A senior Republican staffer who scolded oil and gas lobbyists in the spring for working too closely with the White House is leaving his post as deputy staff director for Senate Environment and Public Works Committee ranking member James Inhofe, R-Okla., who disavowed some of the wording in his aide's e-mail after it was reported in National Journal.

“It’s been a privilege serving under Senator Inhofe, who all of you know is a champion of protecting the national interest and guarding against EPA overreach,” writes the staffer, George David Banks, in an e-mail to friends and colleagues on Monday.

Banks, who has been working for Inhofe since June 2011, writes in the more-than-500-word e-mail that “over the past several months, it’s become quite obvious to me that we are losing the war against politicized environmentalism.” He goes on to criticize the Environmental Protection Agency for becoming a “bully vis-à-vis our states and local governments.”

Banks, who lobbied for Constellation Energy (now merged with Exelon) and the Nuclear Energy Institute after working at the White House Council on Environmental Quality under President George W. Bush, said in the e-mail that he has not determined his next steps yet.

Katie Brown, press secretary for Inhofe, said in an e-mailed statement to National Journal: “We wish Dave the very best as he moves forward and thank him for his work on the committee over the past year.”

Banks’s tenure with Inhofe began and ended with controversy. Banks ruffled some feathers—including Inhofe's—when he sent an e-mail in April to two dozen lobbyists criticizing them for working too closely with the White House on a strategy for regulating natural gas production and for describing them as “partners” with the GOP. Inhofe distanced himself from the e-mail shortly after National Journal reported on it in May.

“I was unaware of the memo that my staff sent out,” Inhofe told National Journal. “I wouldn’t have used those words.” As for Banks's use of the word “partners” to describe the relationship between oil and gas lobbyists and Senate Republicans, Inhofe added: “All that does is give people a target to shoot at, and I don’t need any more targets right now.”

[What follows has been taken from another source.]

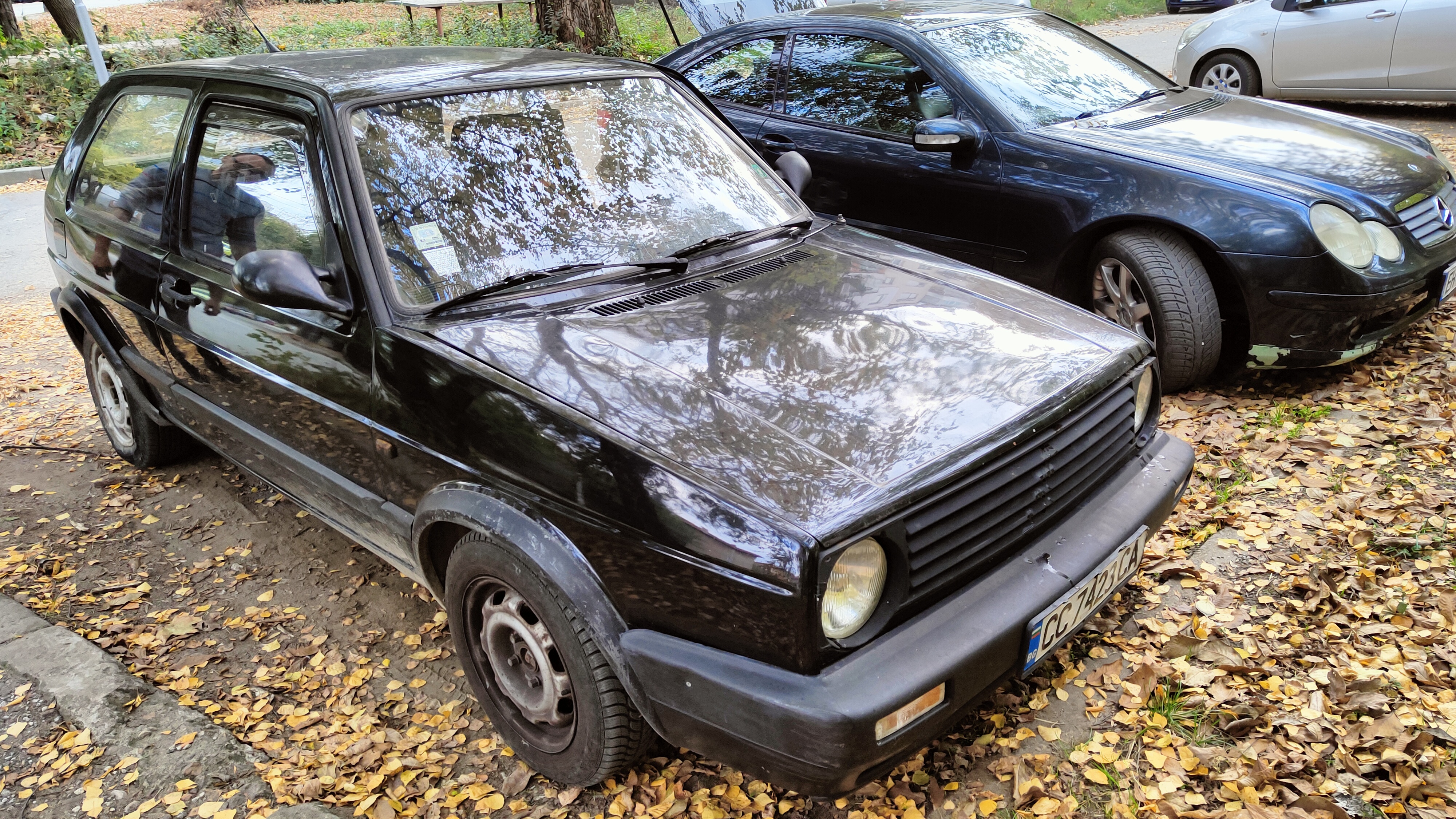 Отново почвам нова тема. Днес спасих един ветеран от вторичните суровини. 1990 година голф 2. Супер лъскач с редовни документи и без код на двигателя. Срещу скромната сума от 300 лева стана мой. Издухал е гарнитура на главата,но това не ме спира да го подкарам. Целта е да я стегна и продам на някой мераклия. Не ми трябва трета кола . :th_up

The decision last year by Inhofe—Washington’s most outspoken skeptic of global warming—to hire Banks raised eyebrows because of Banks’s work on climate-change issues while in the George W. Bush administration.

In fact, in 2009 Banks won a Climate Protection Award from EPA for his work on climate diplomacy, specifically for his work strengthening the Montreal Protocol, an international treaty adopted in 1987 to protect the Earth’s ozone layer.

John Coequyt, who directs the Sierra Club’s climate-change program and has praised Banks’s work on climate diplomacy in the past, said at the time of Banks’s hire last year: “We clearly maintain an open mind with Dave because we know him, but it certainly changes your view, with him going to work for Inhofe. It’s unlikely we’ll be able to work with him in this new position,” according to a Washington Post article on June 9, 2011.